For example, for the Source node, only the generate() method needs to be rewritten to generate data. Users need to ensure that an empty std::optional<T>{} representing EOF information is ultimately returned, otherwise the Pipeline will not stop executing; For Sink nodes, the consume() method needs to be rewritten to consume data.
For the use of more Processor types, users can read the source files in the tunnel directory.
about exception
If a Processor throws an exception during the pipeline running, tunnel may call std::abort to abort the process (bind_abort_channel == false), or catch the exception and pass the exit information to other Processors. The Processor receiving the exit information will enter managed mode, and user logic will not be called again in managed mode. It simply reads data from upstream and discards it, After all upstream data is read, EOF information is written to downstream and execution ends.
about expand pipeline at runtime
Users can construct and run a new pipeline in the Processor's processing logic, and connect the data streams of two pipelines through ChannelSource and ChannelSink.
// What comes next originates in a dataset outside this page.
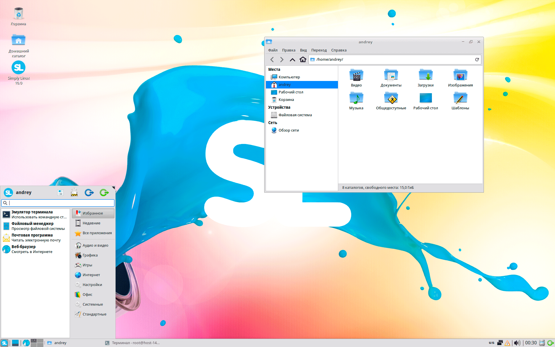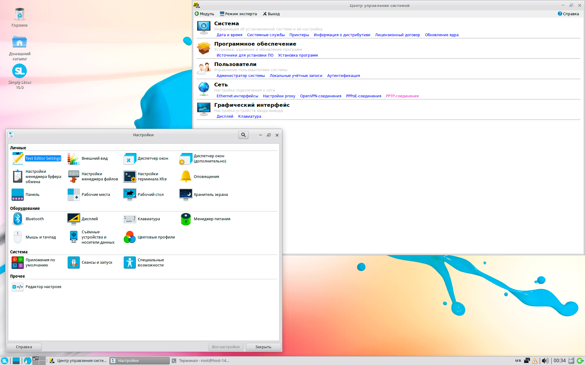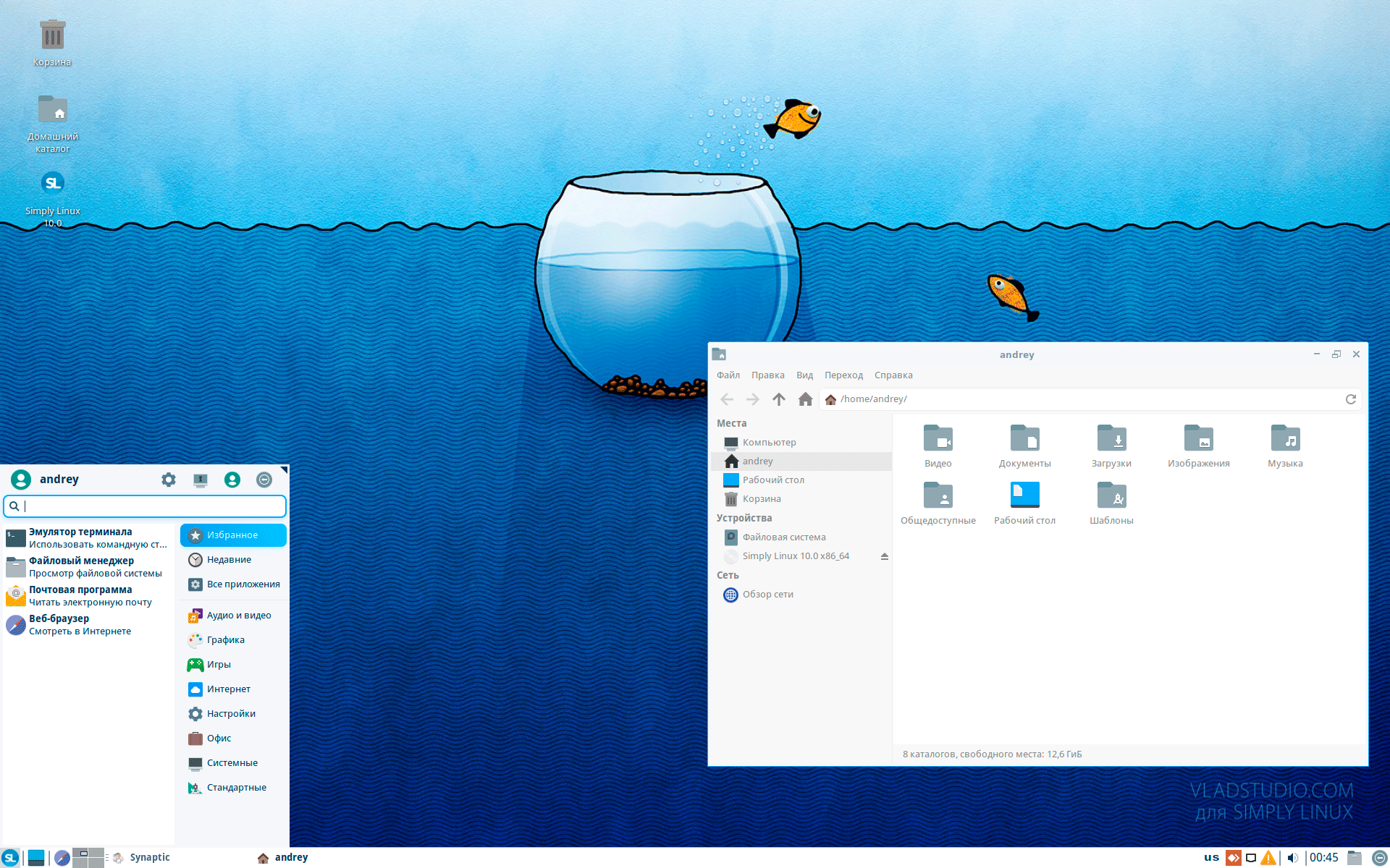 Еще рассматривая предыдущий выпуск системы, мы отмечали крайне слабый графический дизайн, с тех пор ничего не изменилось. Simply Linux использует графическую среду XFCE, это неплохой выбор, представляющий разумный компромисс между внешним видом и быстродействием. Но внешний вид здесь не выдерживает никакой критики, дизайн системы катастрофически отстал лет на пятнадцать. Особенно дико это смотрится в контрасте с неплохо проработанным графически установщиком или реально классными авторскими обоями в составе релиза.

This feature is useful in certain situations, such as when you need to decide how to handle the remaining data based on the data generated during the pipeline execution process.
There is a simple example in example/embedpipeline.cc.
about pipeline interface
tunnel will assign a unique ID to each Processor instance, through which users and tunnel exchange pipeline structure information.
The API of pipeline follows the principle of only allowing post nodes to be added to leaf nodes. Leaf nodes refer to non-sink nodes that have not yet specified an output_port, for example, there is an empty pipeline:
- Firstly, add a source node (id == 1) through AddSource, so there is only one leaf node 1 in the pipeline.
- Then, by using AddTransform, add a post transform node (id == 2) to the source node , and the current leaf node in the pipeline will become 2.
- Next, add another source node (id == 3) through AddSource, so there are two leaf nodes in the pipeline now, 2 and 3.
- Finally, add a shared sink post node (id == 4) to all current leaf nodes ( 2 and 3 ) through SetSink. At this point, no leaf nodes exist in the pipeline. A pipeline without leaf nodes is called complete, and only complete pipelines can be executed.
Please read the content in the doc directory and example directory to learn about the API usage of this project.
- Support for more types of nodes [doing]
- Support Pipeline Merge [done]
- Topology detection
- Schedule event collection [doing]
- Support active stop of execution [done with throw exception]
- Exception handling during execution [done]
- Implementing a high-performance Executor [done]
- Support for extension of Pipeline at runtime [done]
- Support for distributed scheduling (support for network io based on async_simple first)
tunnel is distributed under the Apache License (Version 2.0).